ASSIGNMENT —
Required from the data below: the exact lines starting at the line containing "中国台湾味全高鲜味精200g/033649 蔬菜配方自然美味溶解度佳" and ending at the line containing "Η παρουσίαση της", with both ends kept and all pictures dropped.

..............................

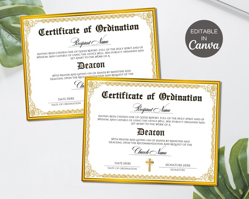 Deacon Ordination Certificate Template Printable Editable Certificate
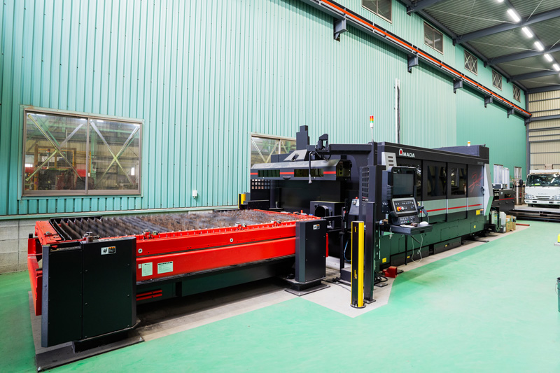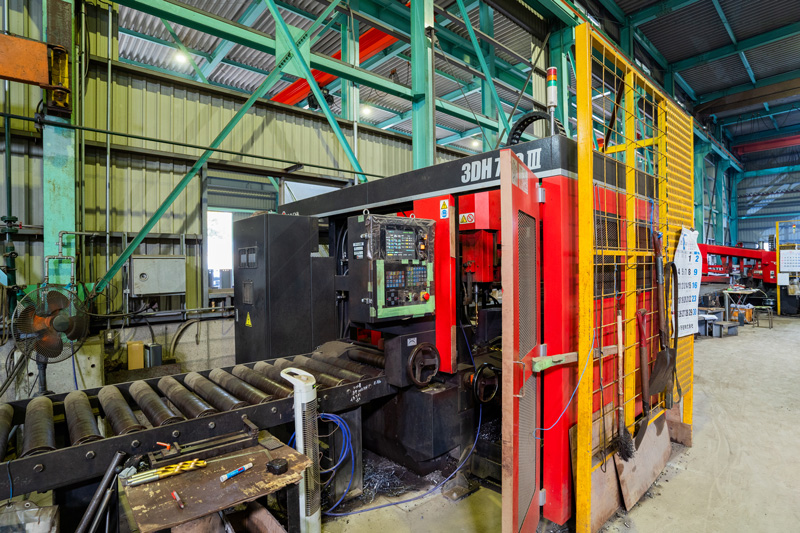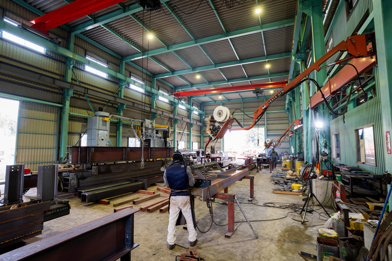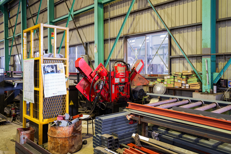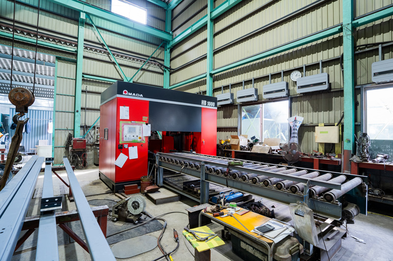 鉄骨製造の設計から、製造、現場施工まで、自社で一貫して行っています。一般的な建築鉄骨製造工場(鉄骨ファブリケーター)の多くが外注している一次加工(切断・孔あけ等)も自社工場で行っており、すべての工程をトータルで対応します。
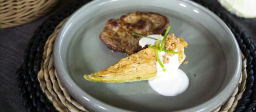 Karfiolsteak paradicsommal és libečka krémes
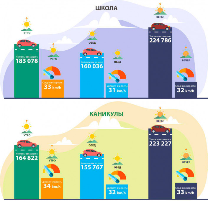 Специалисты подсчитали, что более 20 тысяч водителей в городе растягивают час пик до двух часов, перевозя школьников. Отмечается, что во время каникул этот период дня длится лишь 20-30 минут. По словам создателей системы "Сергек", летним утром на столичные улицы выезжает 150-160 тысяч авто. С началом учебных занятий их количество возрастает до 180 тысяч.
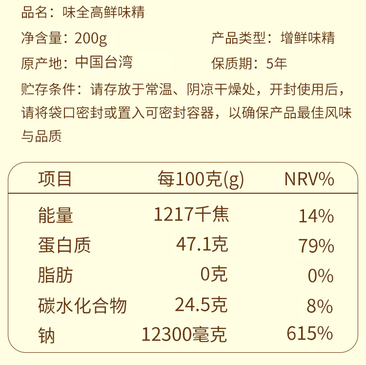 中国台湾味全高鲜味精200g/033649 蔬菜配方自然美味溶解度佳
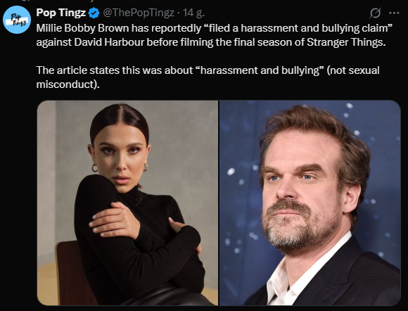 Jak podają doniesienia, Millie Bobby Brown „złożyła pozew o molestowanie i zastraszanie” przeciwko Davidowi Harbourowi przed rozpoczęciem zdjęć do ostatniego sezonu STRANGER THINGS. W artykule napisano, że chodziło o „nękanie i zastraszanie” (a nie o niewłaściwe zachowanie seksualne).
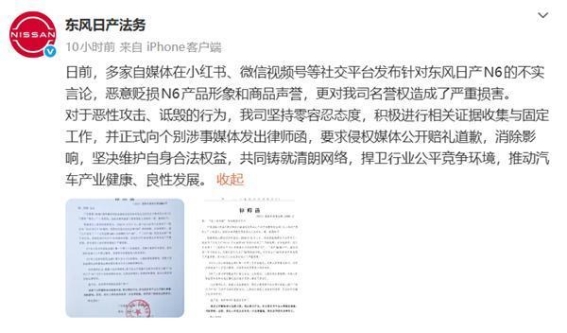 东风日产通过律师函的方式成功维护了N6车型的声誉,展现了其在面对网络恶意言论时的果断和决心。在随着网络平台监管的不断加强,企业与消费者之间的关系将更加透明和公平。而品牌形象的维护,除了依靠广告宣传和公关手段,法律维权也将成为企业在竞争中的重要武器。
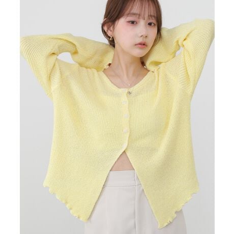 フレアスリーブとメロウ始末がフェミニンさを高めるカーディガン!スリットヘムが動きに軽やかさをプラスしつつ、ウエストラインを自然に引き立ててくれます。表情豊かな凹凸のある編み地がカジュアルになりすぎず、大人っぽさを演出。カラーは どんなコーデにも合うアイボリー、柔らかく上品なグレーブラック、春のムード漂うイエロー、そして新色のピンクの4色展開をご用意いたしました。コーデに華やかさを添えたい日や、さりげなく女性らしさをアピールしたい日にぴったりです。
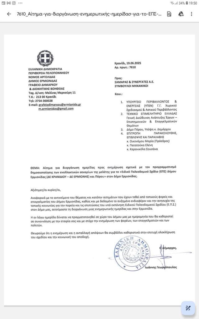 Η παρουσίαση της μελέτης του Ειδικού πολεοδομικού σχεδίου για την Ερμιονίδα και το δίκαιο αίτημα των Δημοτών μας
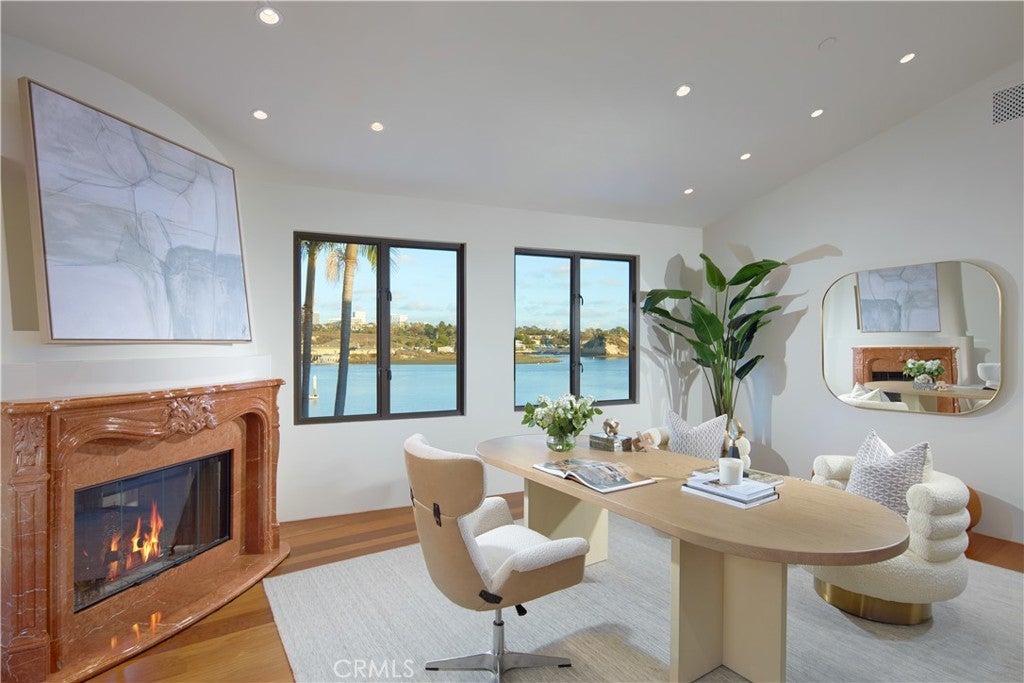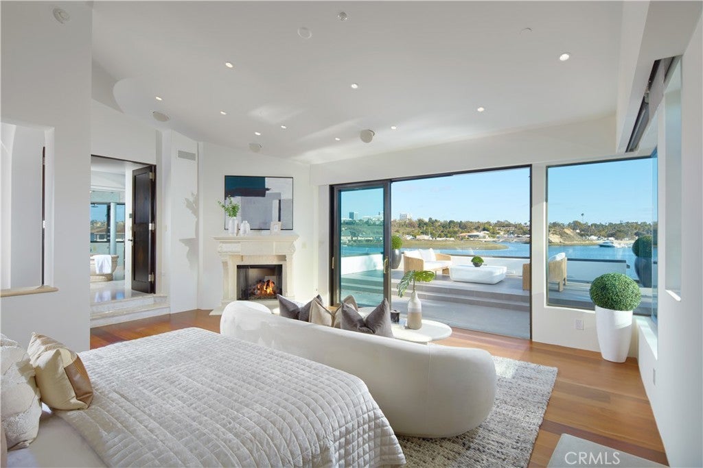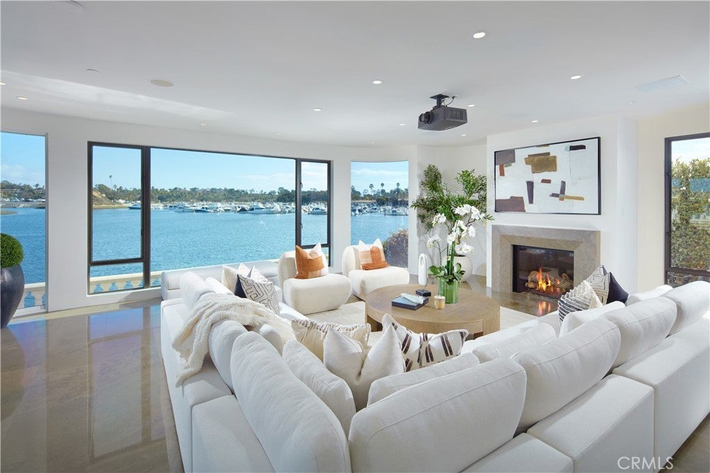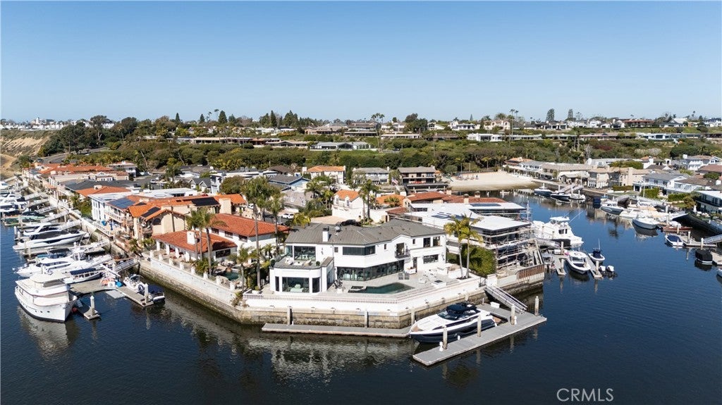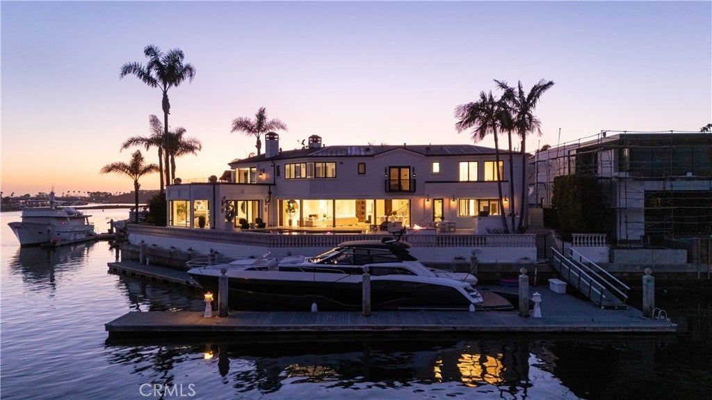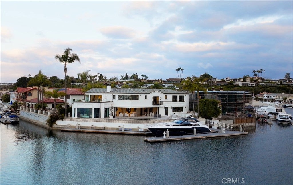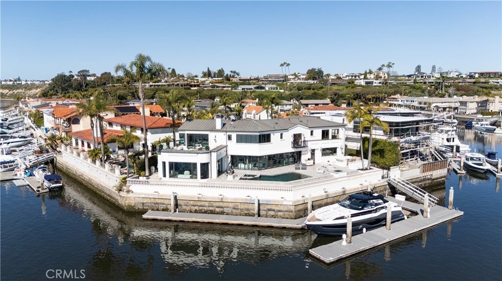 Showcasing approximately 148 feet of prime bay frontage from its exceptional end-of-cul-de-sac location in Newport Beach’s prestigious Dover Shores, this extravagant custom estate elevates waterfront living. A private dock that can accommodate multiple vessels is one of the countless luxurious that are revealed at the European-style villa, which is set behind gates and hosts five en suite bedrooms and six-and-one-half baths. Approximately 6,601 square feet, the opulent residence impresses upon arrival with an open-concept main level that frames views through extensive walls of telescoping glass doors, bringing bay, marina and city-light views into living areas of genuine distinction. The living, dining, and family rooms open directly to a massive waterfront terrace with a resort-caliber pool and spa, open-air fireplace, and an outdoor kitchen with grill and bar. Bay views continue in the kitchen, which hosts an island with waterfall edges, a pass-thru to the terrace, solid stone sink, walk-in pantry, Miele coffee station, wine fridge, and a gorgeous Lacanche range with pot filler. Three bedrooms and an office are located on this level, which also features a two-vehicle garage with two lifts accommodating up to four vehicles. An elegant circular staircase leads to the second level, where a rotunda opens to a romantic Juliet balcony overlooking the entry courtyard. A plush theater with enormous screen and wet bar, a fireplace-warmed office, and an exercise room join a secondary suite upstairs. The primary suite reveals an entrance with two hand-carved doors and a cross-loin ceiling, and a vaulted ceiling soars over the bedroom. Enjoy a fireplace, deck with panoramic bay and city views, two boutique-inspired walk-in closets, a solid stone freestanding tub, oversized multi-head steam shower, sit-down vanity and two sinks overlooking the bay. Additional highlights include lighting and alarm systems, custom shades, and built-in audio. Your desirable address in Dover Shores places you merely moments from community parks, Back Bay trails and the Newport Aquatic Center. Westcliff Plaza, Fashion Island, and miles of beaches are minutes from home, and a variety of award-winning public and private schools serve all grade levels. Rarely available, this extraordinary estate offers the unparalleled waterfront lifestyle you’ve been seeking.
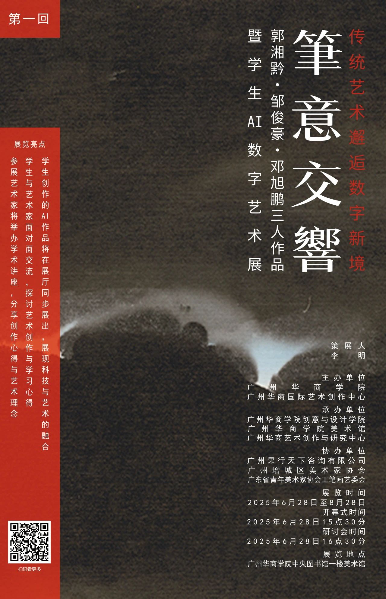 这是传统艺术与数字艺术的激情碰撞!在这里,您将看到艺术家的经典佳作,感受传统艺术历经岁月沉淀后的深厚底蕴;广州华商学院校友的创新之作,展现传统艺术在新时代的传承与拓展;广州华商学院学生们的创意作品,以青春视角和数字技术,为传统艺术赋予全新活力。
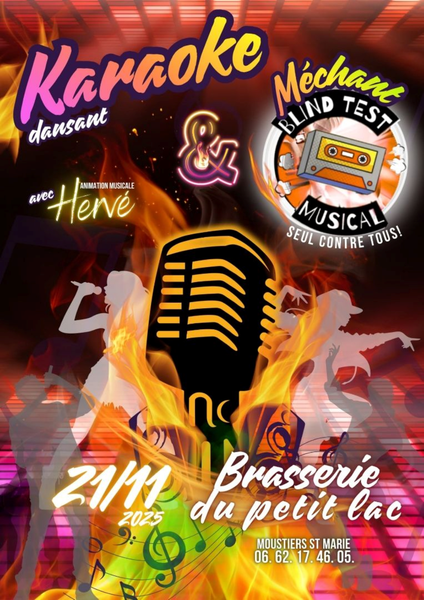 Vendredi 21 Novembre 2025, soirée karaoké dansant animé par Hervé et "méchant blind test seul contre" tous à la Brasserie du Petit Lac !
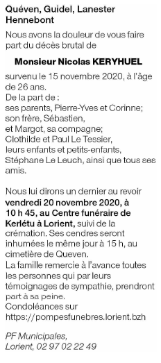 Décédé à Ploemeur (56270) le dimanche 15 novembre 2020 à l'âge de 26 ans
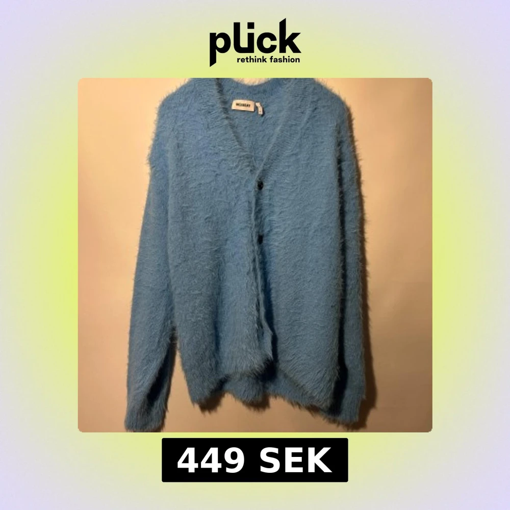 Ljusblå, fluffig kofta med V-ringning och knappar framtill. Koftan har en avslappnad passform och långa ärmar. Mycket bra skick, sparsamt använd
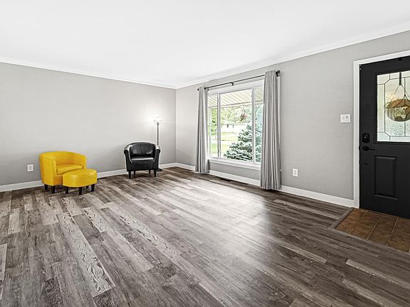 Updated RANCH is move in ready! Beautiful 3 bedroom, 1.5 bath home with extra deep garage, sun room and large fenced in yard. The kitchen with dovetail soft close cabinets and pullouts has been totally remodeled. New solid surface counters, stone backsplash, built in banquette w/ lighting, flooring, range,dishwasher and microwave NEW in June 2022. Large living room, 3 beds, updated baths, laundry room with washer and dryer, and sun room round out the main level. Extra deep garage with closet is perfect for a workshop or storage. Updates in 2022 include: New Vinyl plank flooring throughout, entire home painted, baths updated, range, dishwasher, microwave, all lighting, electric receptacles, ceiling fans, plumbing. Updates in 2021- Well tank, furnace, tankless water heater. Roof is 11 years old. Duneland schools.
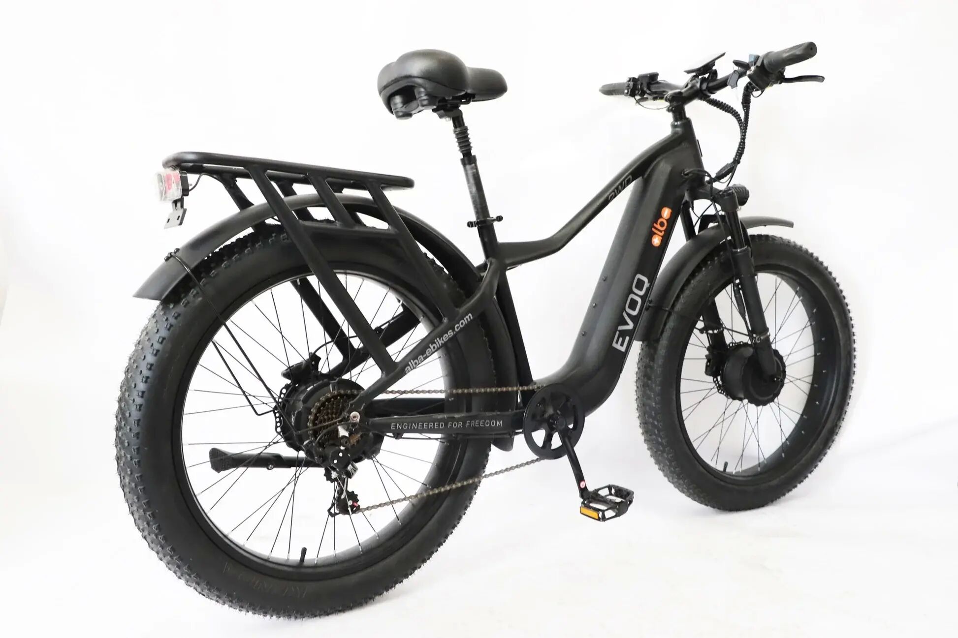 Alba EVOQ, araziyi şehir genelinde sürdürebilmekle birleştirici yeni nesil elektrikli sürüş deneyimini temsil ediyor. 48V yüksek torklu çift motor sistemiyle donatılan Dual Drive (2WD) teknolojisi, sürüş ön, arka veya her iki motorla aynı ve kullanma özgürlüğü sunar. Güç, kokpit üzerinden uzaktan yönetilir; Böylece şehir yollarında maksimum verimlilik, arazide ise üstün çekiş ve tırmanma performansı elde edilir. Standart 48V 15Ah (720 Wh) kadroya tam entegre batarya uzun menzil sağlar; Günlük suluk tipi ikinci batarya ile toplam kapasite 48V 25Ah'ye (1200 Wh) kapasite sınıfının en yüksek batarya depolama kapasitesi sunar. Çift batarya ve çift motorlu sistem tamamen otomatik ve kolay yönetilebilir. Alüminyum alaşımlı kadro, ayarlanabilir sabitleme sistemi ve geniş 26×4.0 lastikler, zeminde dengeli ve güvenli bir sürüş sağlar. Hidrolik disk frenleri güçlü duruş sağlarken, IPX5 seviyesinde tam su geçirmez zorlu özellikler bile güvenli kullanım sunar. Entegre LED uzak, sinyal ve fren uyarı sistemleriyle Alba logolu arka aydınlatmanın sürüş özellikleri ve görünürlüğü artırılıyor. Türkiye'de bir ilk olan kamuflaj desenli kadro tasarımı, doğanın içinde kaybolmadan onunla bütünleşmenizi sağlar; siyah versiyonu ise şehirde minimalist bir güç hissi yaratır. Alba EVOQ, trafiğe kapalı alanlar ve off-road parkurları için tasarlandı; Yüksek torklu yapısı ve dayanıklı gövdesiyle her düzenlenen performans sunar. Ürün değiştirildiğinde büyük oranda kurulu şekilde çıkarılır; Yalnızca ön teker, pedallar ve monte edilerek birkaç dakika içinde sürüşe hazır hale gelir.

..............................

ANSWER TO THIS EXERCISE —
 中国台湾味全高鲜味精200g/033649 蔬菜配方自然美味溶解度佳
 Jak podają doniesienia, Millie Bobby Brown „złożyła pozew o molestowanie i zastraszanie” przeciwko Davidowi Harbourowi przed rozpoczęciem zdjęć do ostatniego sezonu STRANGER THINGS. W artykule napisano, że chodziło o „nękanie i zastraszanie” (a nie o niewłaściwe zachowanie seksualne).
 东风日产通过律师函的方式成功维护了N6车型的声誉,展现了其在面对网络恶意言论时的果断和决心。在随着网络平台监管的不断加强,企业与消费者之间的关系将更加透明和公平。而品牌形象的维护,除了依靠广告宣传和公关手段,法律维权也将成为企业在竞争中的重要武器。
 フレアスリーブとメロウ始末がフェミニンさを高めるカーディガン!スリットヘムが動きに軽やかさをプラスしつつ、ウエストラインを自然に引き立ててくれます。表情豊かな凹凸のある編み地がカジュアルになりすぎず、大人っぽさを演出。カラーは どんなコーデにも合うアイボリー、柔らかく上品なグレーブラック、春のムード漂うイエロー、そして新色のピンクの4色展開をご用意いたしました。コーデに華やかさを添えたい日や、さりげなく女性らしさをアピールしたい日にぴったりです。
 Η παρουσίαση της μελέτης του Ειδικού πολεοδομικού σχεδίου για την Ερμιονίδα και το δίκαιο αίτημα των Δημοτών μας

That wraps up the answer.